After the French defeat by the Prussians in the autumn of 1870, Paris had failed to accept the surrender offered by the rest of France. The victorious Prussian army had laid siege to the city with over a quarter of a million troops, and throughout the winter months Paris had defiantly starved. When the national government finally tried to enforce a truce in the spring, the workers and people of Paris, inspired by the ideal of ‘
la république démocratique et sociale
', had declared the city a separate commune. From March until May 1871, while the Schreibers had been further south, the revolutionary citizens had built over 600 defensive barricades. This time, however, it was not the Prussian army but the French army which marched on the capital. It arrived just a fortnight ahead of the Schreibers, overwhelming the revolutionaries in a series of violent, hand-to-hand street battles. Charlotte, her husband and her maid finally arrived on 1 June. Three days earlier, the revolutionaries had taken their last stand at the end of a week which saw as many as 30,000 casualties. Riding expectantly into Paris, what Charlotte discovered was not
the lively cultural capital she so much admired, with its network of dealers and showrooms and junkshops, but instead what she described forlornly as a ‘City of the Dead'.
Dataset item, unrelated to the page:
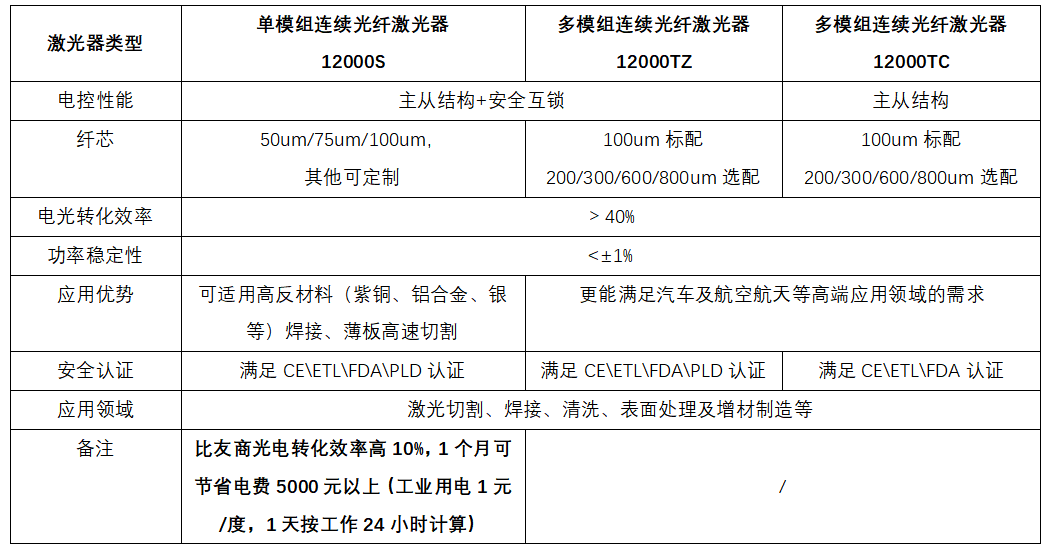 此外,為了滿足不同公司個性化應用需求,同種功率下銳科可提供更多選擇。以12kW為例,銳科生產(chǎn)制造單模組連續(xù)光纖激光器12000S、多模組連續(xù)光纖激光器12000TZ、12000TC等多種同功率的光纖激光器,而且同一類型的激光器還可定制匹配不同的纖芯,可最大程度地滿足客戶的需求。
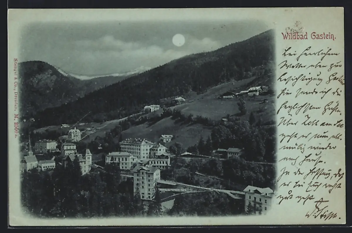 Mondschein-AK Gastein, Teilansicht aus der Vogelschau

Charlotte found Paris ravaged, and its people demoralized. No corner was untouched by the ferocious fighting of the past weeks. There was, she wrote in her journal, ‘no life or animation; scarce anyone in the streets. . . the Tuileries and other public buildings still smoking; the Vendôme Column lying in pieces on the ground'. She was shocked and bewildered, moved to tears by the destruction, but still undeterred by smoking ruins and bodies half-hidden in the rubble. She managed to secure a small apartment – with ‘a sort of cupboard' for the maid – in a building where workmen were bricking up the ground floors against the threat of arson. During the last days of the Commune, the Palais de Tuileries and the Hôtel de Ville had been burned down and rumours were rife that working-class women –
les pétroleuses
– were stalking Paris with bottles full of petroleum or paraffin, ready to start fires through unprotected cellar windows. In fact,
les pétroleuses
turned out to be mythical, a construct of fear and suspicion, but at the time they were considered a formidable threat. The sale of flammable liquids was banned for several months, and as far as Charlotte was concerned, her lodgings could be burned to the ground at any moment in an act of revolutionary spite. There is no doubt that she was frightened and overwhelmed by the situation she and her party had wandered into blindly. Perhaps because of this, she set her mind even more firmly on collecting. Within minutes of arriving in Paris, she went out into the ruins to try to discover what had become of her trusted dealers and whether there were any bargains to be had.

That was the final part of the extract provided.